I have been having trouble keeping weight on my Nigerian does. One doe in particular. She only has one kid on her now (she did have three), so that should help. She is also making a lot of milk for me (1 1/2 quarts every morning). All of my does get pure second cutting alfalfa hay, my own mix of grains (oats, black oil sunflower seeds and barley) and they get to graze for about an hour every day. Is there anything I can do to help get this one does weight up? Thanks.


----------



## mistydaiz (Jan 28, 2011)

I'm having the same problem with my Alpine doe, she just pours everything I feed her straight into the pail.

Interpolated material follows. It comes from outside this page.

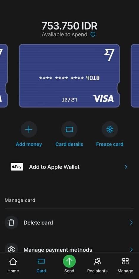 Pengguna bisa memilih “kirim uang (send money)” atau “tambah uang (add money)”. Jika memilih “send money”, maka masukkan jumlah dan mata uang yang ingin Anda transfer.
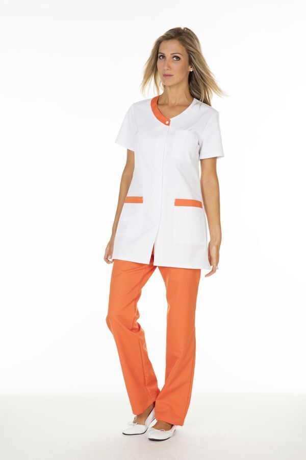 Tunique femme. Col V avec parement contrasté sur le côté droit. Fermeture milieu devant par 5 pressions calottées blanches. Pinces poitrine. 2 poches basses avec parement contrasté. Poche poitrine. Manches courtes montées. Fentes côtés. Longueur : 80 cm.

I am starting to add beet pulp pellets to her grain and drizzling sunflower oil over it, so we'll see if she gains.

You can try doing the same with your doe and see if it works. That's what was recommended to me.


----------



## peggy (Aug 11, 2010)

How much beet pulp and oil are you using?? I am having the same problem with my alpine doe. I have got her to the point where she is maintaining her weight but not putting any back on and she is way too thin.


----------



## NigerianGirl (Jan 30, 2011)

We tend to have that problem too in the summer but about a half a cup of calf mana a day for a full grown Nigerian doe should help keep weight on her and it helps her milk production


----------



## ETgoatygirl (Mar 23, 2012)

Thanks for the suggestions all! My doe just gets a little flaxseed meal on her grain every once and a while. Maybe I can give her more of it and see if that helps. She does get a lot of black oiled sunflower seeds too. 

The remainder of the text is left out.